A few narrow ones. (1) If the chain of title flows through a French importer who takes title before the goods enter France, the French importer is the producer — the non-French exporter is not. (2) If a product genuinely falls outside any of the 10+ regulated streams (rare for consumer goods). (3) Strictly intra-EU B2B sales where the French B2B buyer becomes the producer. Apart from these, any non-EU seller shipping consumer goods to French addresses is in scope.

If I am tiny — should I just register through a flat-fee provider?
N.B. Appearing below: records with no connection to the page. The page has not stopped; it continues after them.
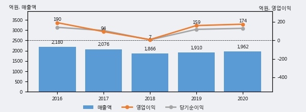 우주일렉트로의 2020년 매출액은 전년대비 2.7% 늘어난 1962억원이고, 영업이익 또한 전년대비 9.3% 늘어난 174억원을 기록했다. 이 회사의 매출액 증감률과 영업이익 증감률은 각각 코스닥 상위 45%, 상위 45%에 해당된다.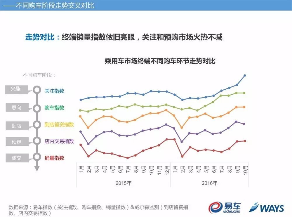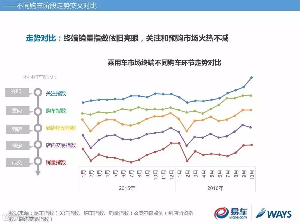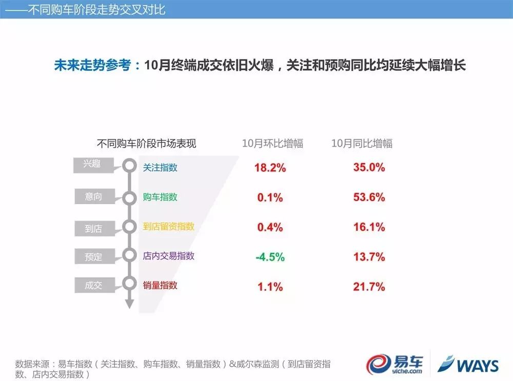 在10月份消费者整个“线上+线下”购车周期中,除店内交易指数出现小幅下滑外,其他四大指数均延续增长。其中关注指数和购车指数同比大幅增长,这也预示着今年最后两个月,仍潜藏有大量购车需求有待释放。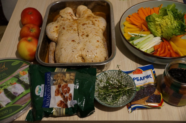 На следующий день утку вынуть из холодильника и подготовить для нее яблоки.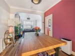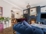 Upon entering, a welcoming porch offers practical space for coats and shoes before leading into the spacious living room. This bright and airy room features a large front bay window and a charming coal-burning fireplace, creating a cosy focal point during the colder months. The living room flows through to the dining room, which in turn provides access to the hallway and kitchen.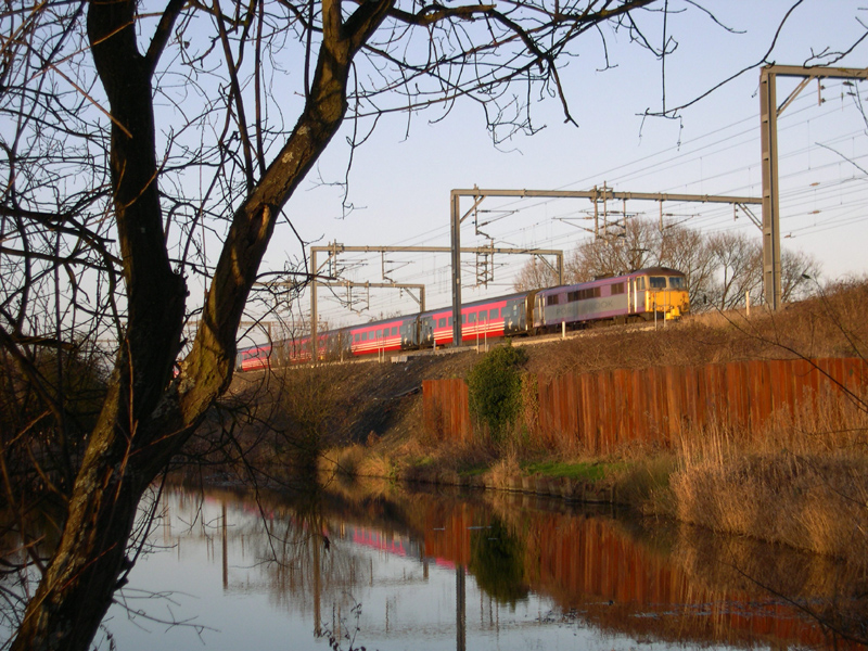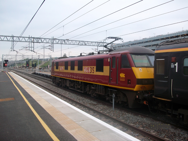 Guy Kendrick captures 90035 and Mk IIIs on a late afternoon Birmingham – Euston (vice Pendo) turn at Milton Keynes on May 13th 2009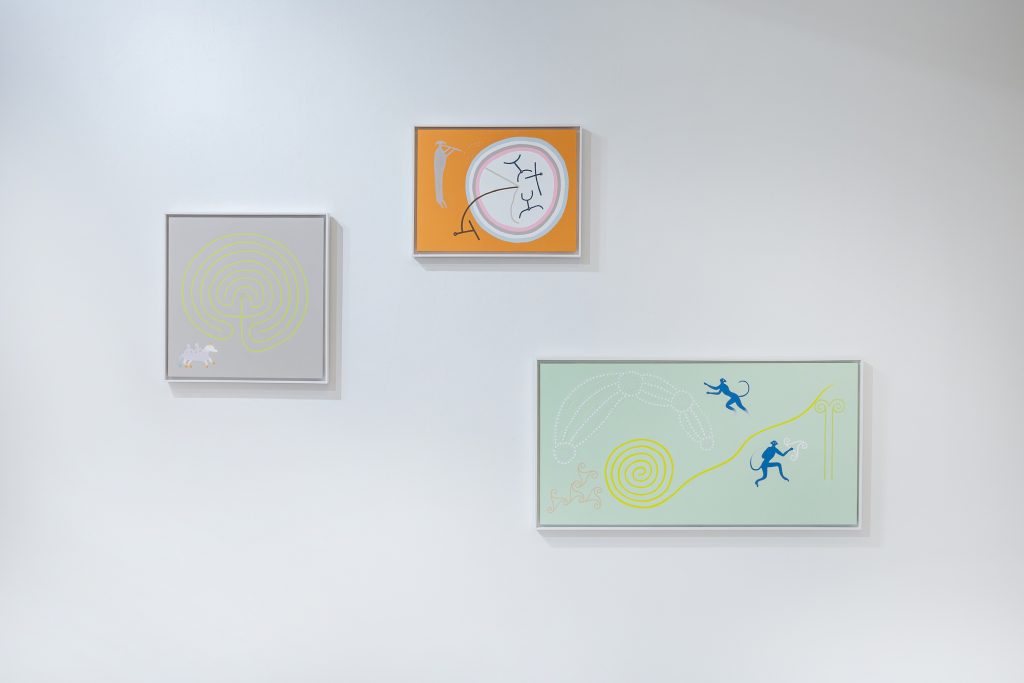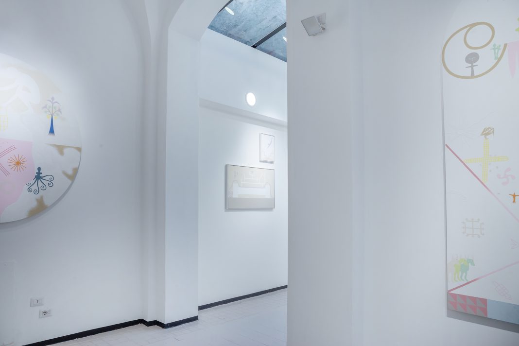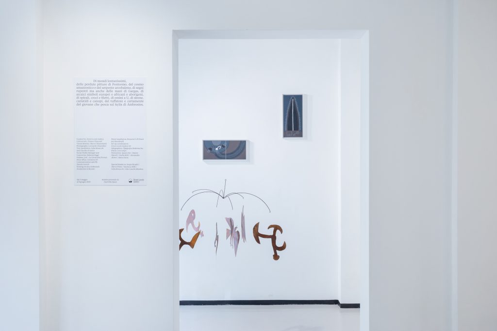 Le opere esposte — oltre trenta tavole inedite e installazioni — fondono simboli, miti e narrazioni provenienti da contesti differenti ma accomunati da archetipi universali. I titoli delle opere, lungi dall’essere marginali, sono parte integrante del lavoro: parole-chiave che ampliano l’orizzonte interpretativo e suggeriscono nuove piste di indagine.

For small sellers, the cost arithmetic is roughly: a flat-fee representative at €2,988/year per stream + ~€80-€450/year eco-organism membership + tiny eco-contribution. For a €10,000-revenue Amazon France seller, that is ~€3,100/year against ~€500 of Amazon Pay-on-Behalf charges. Pay-on-Behalf wins on raw cost in year 1. But Pay-on-Behalf does not produce an IDU — see our [Pay-on-Behalf vs Register comparison](/amazon-france-epr-pay-on-behalf-vs-register). The decision depends on growth trajectory and channel breadth, not just current revenue.